02-22-2009, 05:05 PM

I have built my own session engine with PHP. The session data is stored in MySQL. Now I'm wondering, to prevent race conditions (where two concurrent threads write content and read and mess it up), I need to have locking.

I am not an expert of MySQL. Does MySQL automatically lock something? Right now I'm using MyISAM, but should I use InnoDB instead as it supports row-based locking?

02-22-2009, 06:01 PM
Why would you store session data in the database? Its meant to be stored in the 'session' and then later, inputted to the db when all the data has been gathered. if you still need to use the session data elsehwere, you would use it direct from the session and not, the db.
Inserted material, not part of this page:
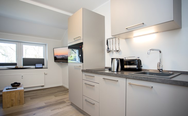 De keuken is van alle gemakken voorzien. Met een inductiekookplaat, combi-magnetron, vaatwasser, koelkast met vriesvakje, broodrooster, waterkoker en nespresso koffiezetapparaat heb je alles in huis om je maaltijden te bereiden.

unless you have a very specific, strange requirement.


02-22-2009, 06:38 PM
Why would you store session data in the database? Its meant to be stored in the 'session'
The session engine/system is itself in the database.

The database is far faster to process information than the file system. Opening, modifying, closing files like what PHP default session system does is pricier and slower so I moved and made my own session system that is entirely in the database.

02-22-2009, 06:41 PM
Let me rephrase my problem.

UPDATE table SET name=CONCAT(name,'test') WHERE id=1;

If two concurrent persons (e.g. through AJAX) are calling that, will it mess up?

Person A will read the name and it is "jack" and just before it manages to concat, person B will concat test into it so it becomes "jacktest" instead of "jacktesttest". A race condition occured.

So shouldn't I do something like this with my session:

SELECT * FROM sessions WHERE sessid=xxx FOR UPDATE;
Now it gets locked and whenever I update something for that row it will get permanently updated and read by others.

02-22-2009, 08:09 PM
As far as I understand, MyIsam has table locking features.
InnoDB has row locking features.

MyIsam is quicker than innodb in many cases so there has to be compromise somewhere.

But then if we re-consider sessions within the browser, there is no need for locking because they are each individual sessions. only when the data is to be sent to the db, from the session, should locking be required and there will therefore be less locking done.

OK I don't use php but, even if php sessions are slower than mysql, they may make the issue easier, therefore another type of compromise?


02-22-2009, 08:12 PM
That's not what I wanted to know, but take a look at this:

$c = mysql_connect('localhost','root','hottis');
$r = mysql_query('SELECT username FROM admins WHERE id=1');
$a = mysql_fetch_assoc($r);
mysql_query('UPDATE admins SET username=CONCAT("'.$a['username'].'","asd") WHERE id=1');
If you run this script twice at the same time, the result is that the username will have "asdasd" in the end of it. Why does it work like that? I never locked anything. Did the SELECT query lock it?